- **Task brief**: The expected output is the full set of entries, printed exactly, without pictures.

━━━━━━━━━━

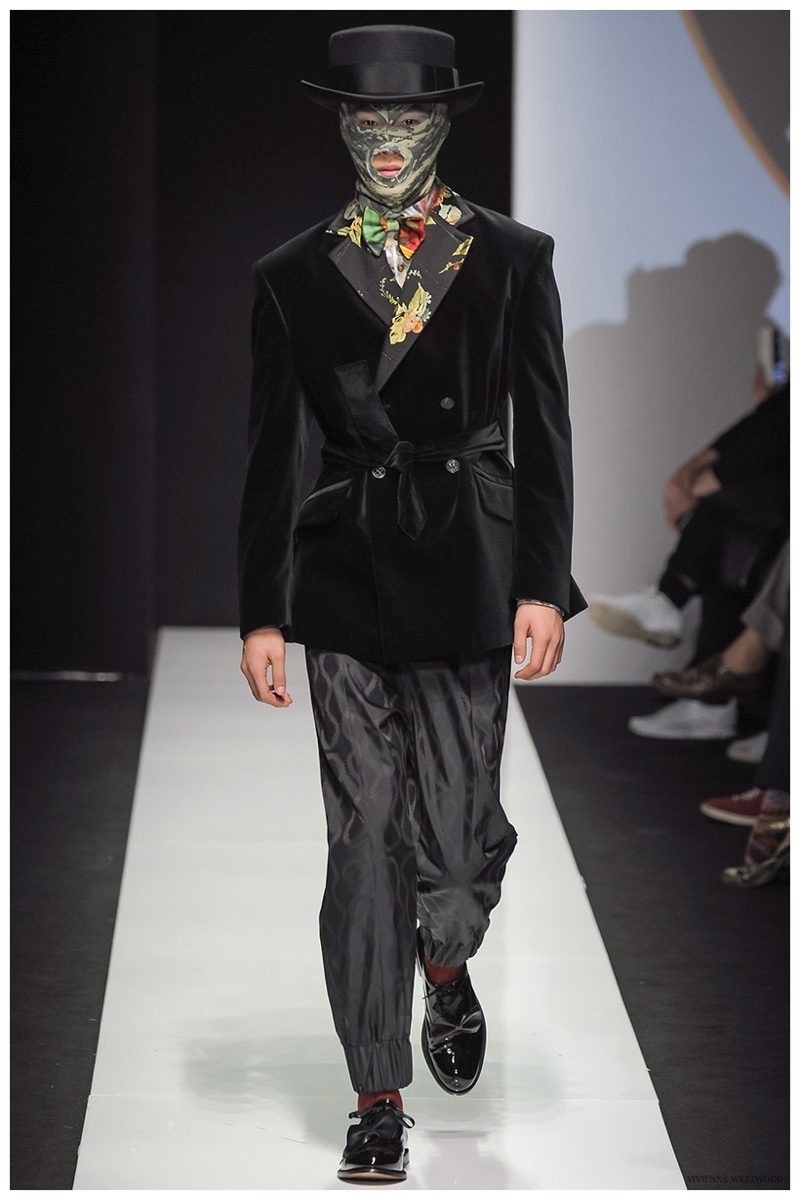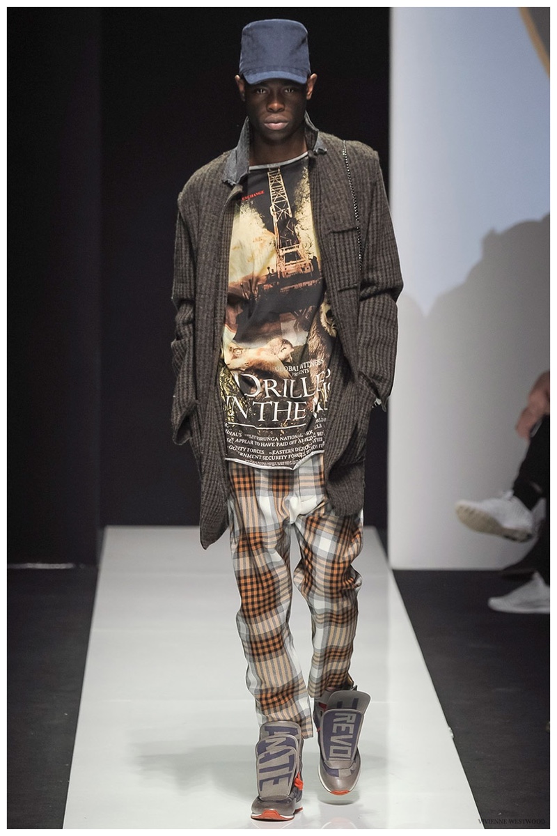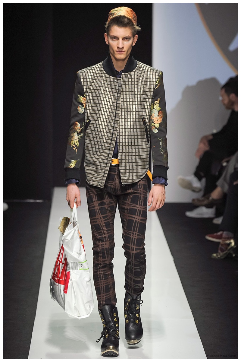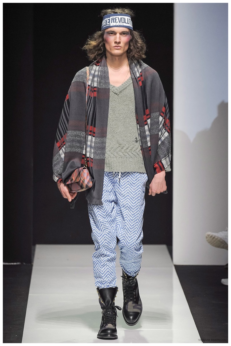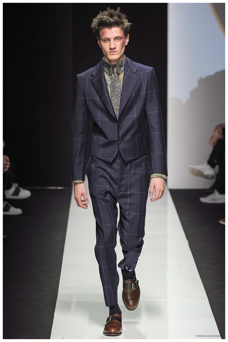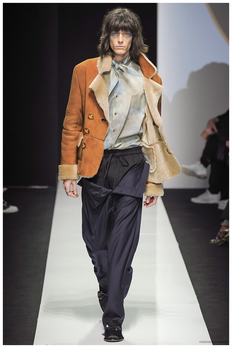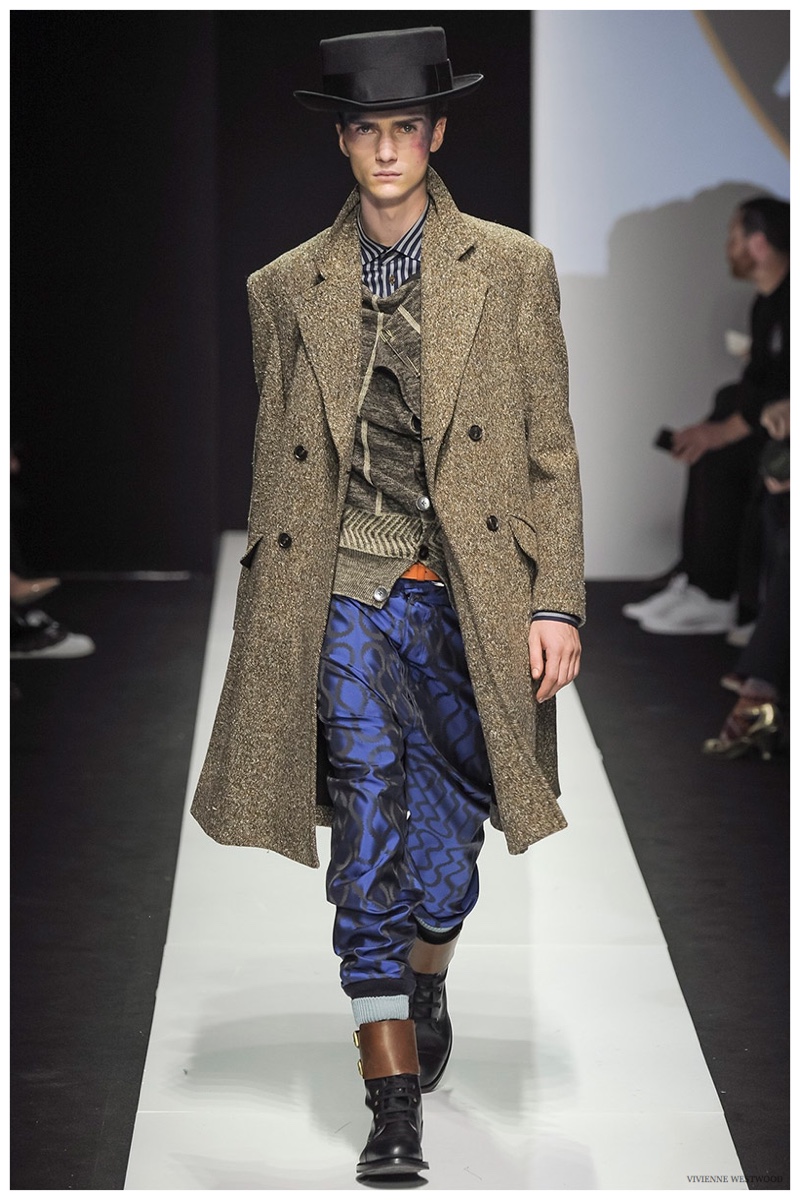 Sending both male and female models down the catwalk, Vivienne Westwood made a statement on gender neutrality with her latest outing. Tailoring and soft knitwear were the focal points for the season as theatrics were incorporated into lively prints. Always displaying a sense of humor, the fashions may have had a dandy spin, but the finishes were lighthearted. Plaids and houndstooth were of a graphic quality like they were lifted from a comic book while checks and jacquards were set askew. Layered with an urban finesse, knitwear and sporty separates added a fun spontaneity to a stellar lineup.
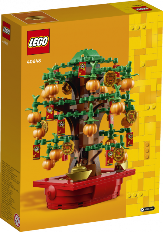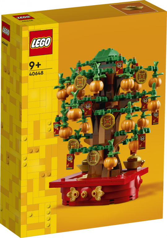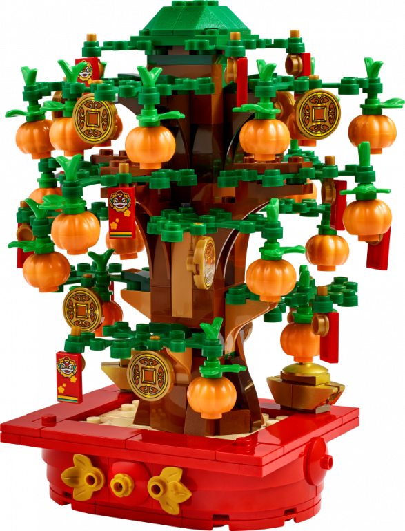 Svini ķīniešu Jauno gadu ar šo pārsteidzoši detalizēto un glīto naudas koku (40648), kas zināms kā bagātības un atlīdzības avots. Komplektā ietilpst koks, ko rotā 20 mandarīni, 14 sarkanas aploksnes un 10 monētas bērniem no 9 gadu vecuma. Ķīniešu kultūrā jau no seniem laikiem tiek uzskatīts, ka naudas koks nes pārpilnību, labklājību un veiksmi. Šis modelis ir izliekams apskatei un lieliski papildina ķīniešu Jaunā gada svinības.
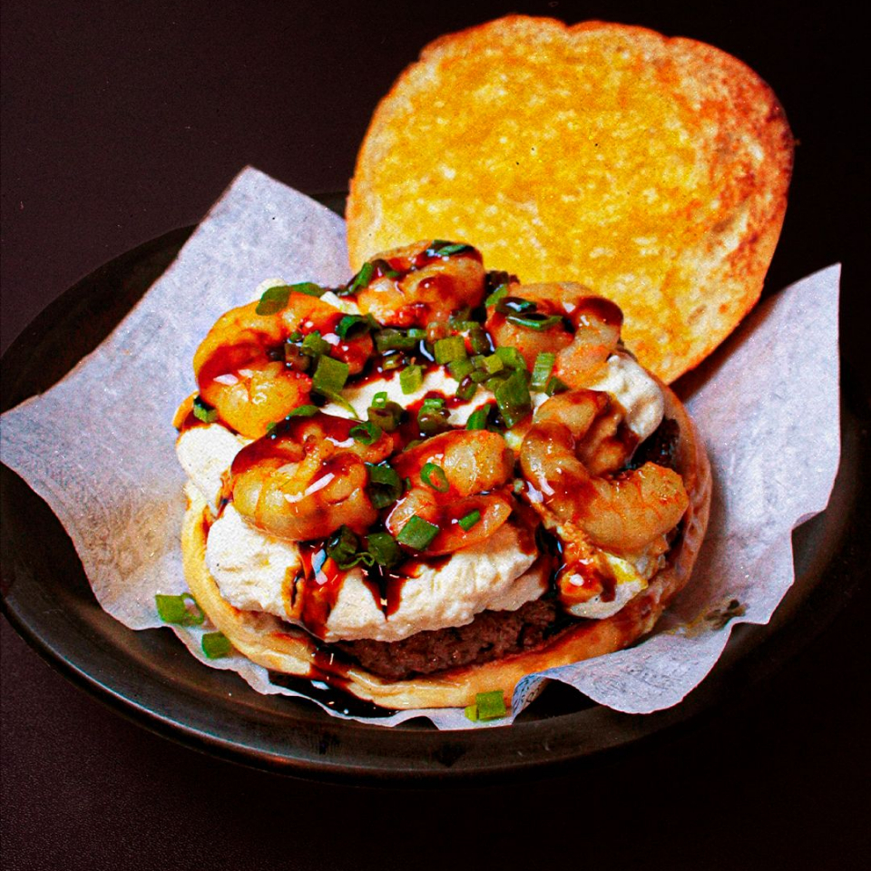 Pão, carne Smash (80g), cream cheese, molho tarê e cebolinha.
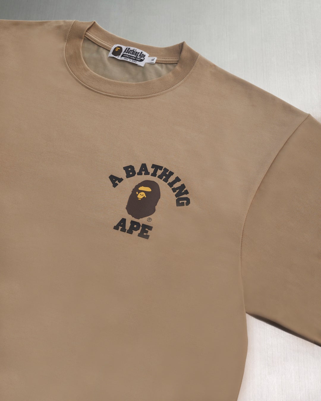 左胸にAPE HEAD、アーチ型ブランドロゴのグラフィックを厚盛りプリントで表現したデザイン。襟ぐりはバインダーネック仕様、左袖にピスネームを配置した仕様。
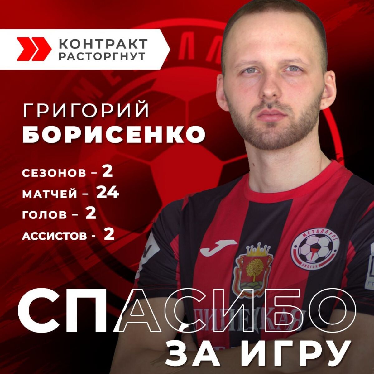 Липецкий футбольный клуб покинул 22-летний хавбек Григорий Борисенко. Расставание произошло по обоюдному согласию. Ряды футболистов ФК «Металлург» Борисенко пополнил зимой 2024 года. По информации пресс-службы футбольного клуб, ранее Григорий был воспитанником московского «Локомотива», играл за «Балтику» и «КАМАЗ». За липецких «сталеваров» полузащитник Борисенко сыграл не так много матчей. Помешали травмы: сначала правого плеча, а затем и левого. «Мы не забудем голы-красавцы осенью в домашних матчах с «Родиной-2» и «Муромом», но обе эти встречи были проиграны. Вторая со счётом 2:3 – отчасти и потому, что Борисенко в конце не реализовал пенальти», - припоминают теперь уже бывшему игроку в пресс-службе ФК «Металлург». Ранее стало известно об уходе из команды Руслана Бабаяна.
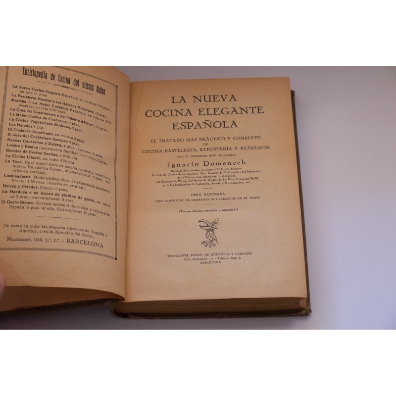 IGNACIO DOMENECH. El tratado más practico y completo de cocina, pastelería, repostería y refrescos. Obra ilustrada con profusión de grabados intercalados en el texto. Tercera edición corregida y aumentada en perfecto estado con el normal paso del tiempo que se puede apreciar en la portada sin uso en oferta.
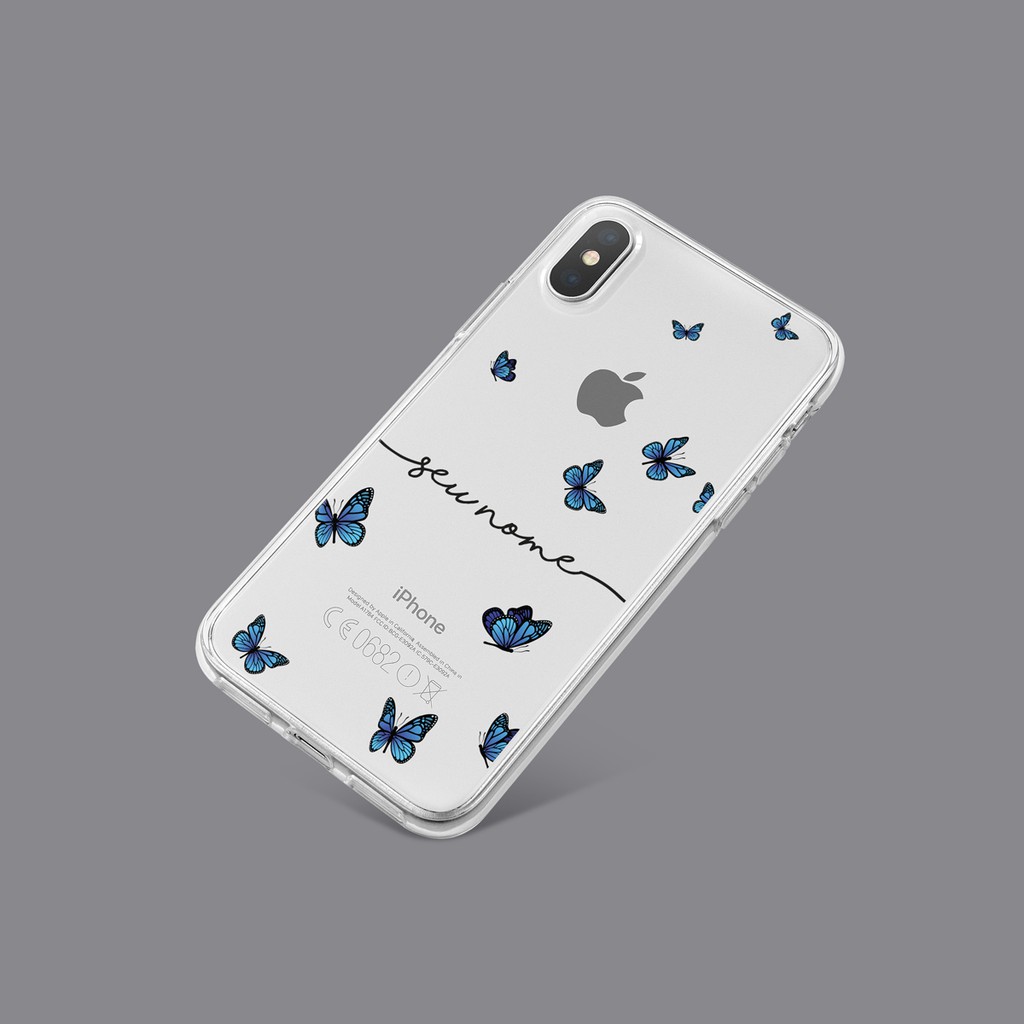 Capa Capinha de Celular de Borboletas Azuis com Nome
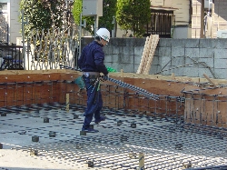 鉄筋は地面に直接置かず、地面から60mm以上離れていることが必要です。(かぶり厚60mm以上)また鉄筋の重なりは300mm以上あることが必要です。(建築基準法より)
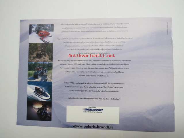 Polaris 2001 moottorikelkat -myyntiesite, sales brochure
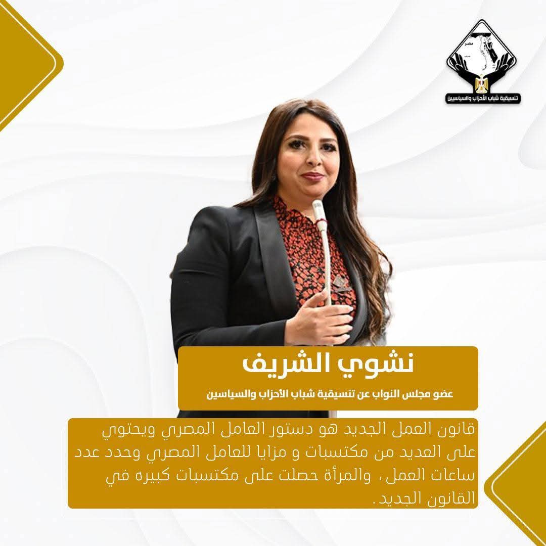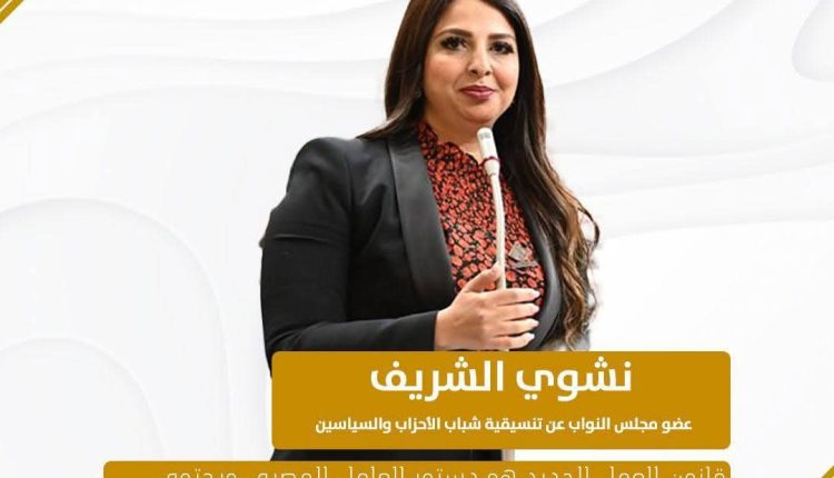 وقالت النائبة نشوى الشريف عضو مجلس النواب عن تنسيقية شباب الأحزاب والسياسيين، إن قانون العمل الجديد هو دستور العامل المصري، مشيرة إلى أن سوق العمل المصري أصبح الأغلبية به من القطاع الخاص، ولم تكن هناك رقابة كبيرة أو محددات للعلاقة داخل القطاع الخاص.
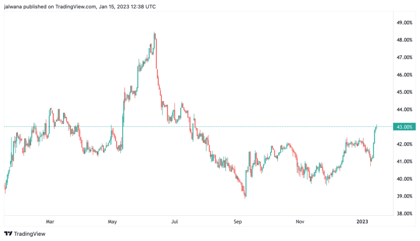 Even if the cryptocurrency industry crashed in 2022, Bitcoin’s status as the “alpha coin” has remained remarkably stable. With a market capitalization of over $398 billion and a trading volume of $24,180,295, Bitcoin’s dominance in the last 24 hours has increased by 43%.
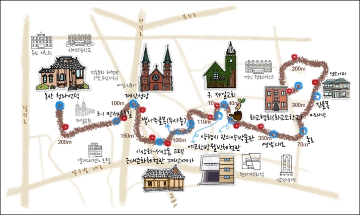 천개의 골목에 천개의 이야기가 숨어 있다는 대구광역시 중구에 위치한 근대골목은, 서문시장에서 김광석길까지 다섯 코스로 나누어 돌아볼 수 있는 곳이다. 이 골목에는 100년이 넘도록 한결같이 시민들의 마음에 안식을 주는 계산성당, 제일교회가 있고, 3·1만세길, 근대박물관, 1895년 우정업무를 시작한 대구우체국이 있다. 또 민족시인 이상화가 살던 집과 국채보상운동을 펼친 서상돈의 생가가 있는가 하면, 1946년 문을 연 고전음악 감상실 ‘녹향’이 그 시대부터 지금까지 음악의 역사를 품고 있다. 한국전쟁을 거치면서 전국에서 피난 온 예술인들이 머물며, 피난살이 중에도 문화와 예술에 대한 끈을 놓지 않고 활동하던 발자취를 곳곳에서 만날 수 있다.
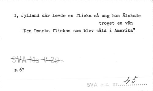//// I, Jylland där levde en flicka så ung hon Älskade //// troget en vän //// "Den Danska flickan som blev såld i Amerika" s.67 //// SVA : nr.. ////
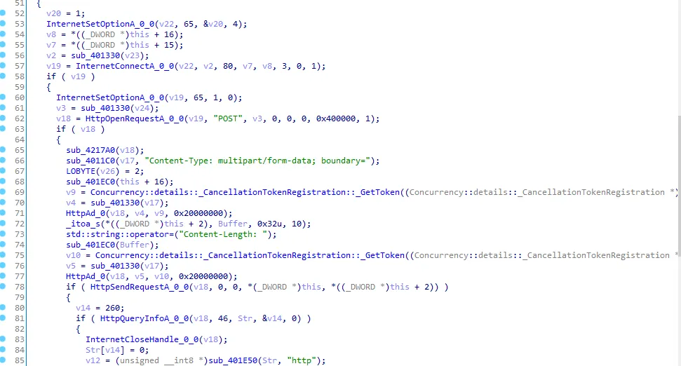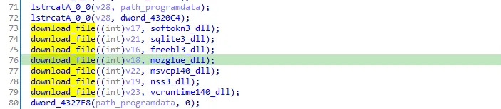 After seeing the xrefs of the dwords and renaming it we can say that the malware is downloading these DLLs then request pages containing the configuration values for which data to collect. and these dlls are downloaded in C:\ProgramData\

━━━━━━━━━━

- **Output for this task**:
 Sending both male and female models down the catwalk, Vivienne Westwood made a statement on gender neutrality with her latest outing. Tailoring and soft knitwear were the focal points for the season as theatrics were incorporated into lively prints. Always displaying a sense of humor, the fashions may have had a dandy spin, but the finishes were lighthearted. Plaids and houndstooth were of a graphic quality like they were lifted from a comic book while checks and jacquards were set askew. Layered with an urban finesse, knitwear and sporty separates added a fun spontaneity to a stellar lineup.
 Svini ķīniešu Jauno gadu ar šo pārsteidzoši detalizēto un glīto naudas koku (40648), kas zināms kā bagātības un atlīdzības avots. Komplektā ietilpst koks, ko rotā 20 mandarīni, 14 sarkanas aploksnes un 10 monētas bērniem no 9 gadu vecuma. Ķīniešu kultūrā jau no seniem laikiem tiek uzskatīts, ka naudas koks nes pārpilnību, labklājību un veiksmi. Šis modelis ir izliekams apskatei un lieliski papildina ķīniešu Jaunā gada svinības.
 Pão, carne Smash (80g), cream cheese, molho tarê e cebolinha.
 左胸にAPE HEAD、アーチ型ブランドロゴのグラフィックを厚盛りプリントで表現したデザイン。襟ぐりはバインダーネック仕様、左袖にピスネームを配置した仕様。
 Липецкий футбольный клуб покинул 22-летний хавбек Григорий Борисенко. Расставание произошло по обоюдному согласию. Ряды футболистов ФК «Металлург» Борисенко пополнил зимой 2024 года. По информации пресс-службы футбольного клуб, ранее Григорий был воспитанником московского «Локомотива», играл за «Балтику» и «КАМАЗ». За липецких «сталеваров» полузащитник Борисенко сыграл не так много матчей. Помешали травмы: сначала правого плеча, а затем и левого. «Мы не забудем голы-красавцы осенью в домашних матчах с «Родиной-2» и «Муромом», но обе эти встречи были проиграны. Вторая со счётом 2:3 – отчасти и потому, что Борисенко в конце не реализовал пенальти», - припоминают теперь уже бывшему игроку в пресс-службе ФК «Металлург». Ранее стало известно об уходе из команды Руслана Бабаяна.
 IGNACIO DOMENECH. El tratado más practico y completo de cocina, pastelería, repostería y refrescos. Obra ilustrada con profusión de grabados intercalados en el texto. Tercera edición corregida y aumentada en perfecto estado con el normal paso del tiempo que se puede apreciar en la portada sin uso en oferta.
 Capa Capinha de Celular de Borboletas Azuis com Nome
 鉄筋は地面に直接置かず、地面から60mm以上離れていることが必要です。(かぶり厚60mm以上)また鉄筋の重なりは300mm以上あることが必要です。(建築基準法より)
 Polaris 2001 moottorikelkat -myyntiesite, sales brochure
 وقالت النائبة نشوى الشريف عضو مجلس النواب عن تنسيقية شباب الأحزاب والسياسيين، إن قانون العمل الجديد هو دستور العامل المصري، مشيرة إلى أن سوق العمل المصري أصبح الأغلبية به من القطاع الخاص، ولم تكن هناك رقابة كبيرة أو محددات للعلاقة داخل القطاع الخاص.
 Even if the cryptocurrency industry crashed in 2022, Bitcoin’s status as the “alpha coin” has remained remarkably stable. With a market capitalization of over $398 billion and a trading volume of $24,180,295, Bitcoin’s dominance in the last 24 hours has increased by 43%.
 천개의 골목에 천개의 이야기가 숨어 있다는 대구광역시 중구에 위치한 근대골목은, 서문시장에서 김광석길까지 다섯 코스로 나누어 돌아볼 수 있는 곳이다. 이 골목에는 100년이 넘도록 한결같이 시민들의 마음에 안식을 주는 계산성당, 제일교회가 있고, 3·1만세길, 근대박물관, 1895년 우정업무를 시작한 대구우체국이 있다. 또 민족시인 이상화가 살던 집과 국채보상운동을 펼친 서상돈의 생가가 있는가 하면, 1946년 문을 연 고전음악 감상실 ‘녹향’이 그 시대부터 지금까지 음악의 역사를 품고 있다. 한국전쟁을 거치면서 전국에서 피난 온 예술인들이 머물며, 피난살이 중에도 문화와 예술에 대한 끈을 놓지 않고 활동하던 발자취를 곳곳에서 만날 수 있다.
//// I, Jylland där levde en flicka så ung hon Älskade //// troget en vän //// "Den Danska flickan som blev såld i Amerika" s.67 //// SVA : nr.. ////
 After seeing the xrefs of the dwords and renaming it we can say that the malware is downloading these DLLs then request pages containing the configuration values for which data to collect. and these dlls are downloaded in C:\ProgramData\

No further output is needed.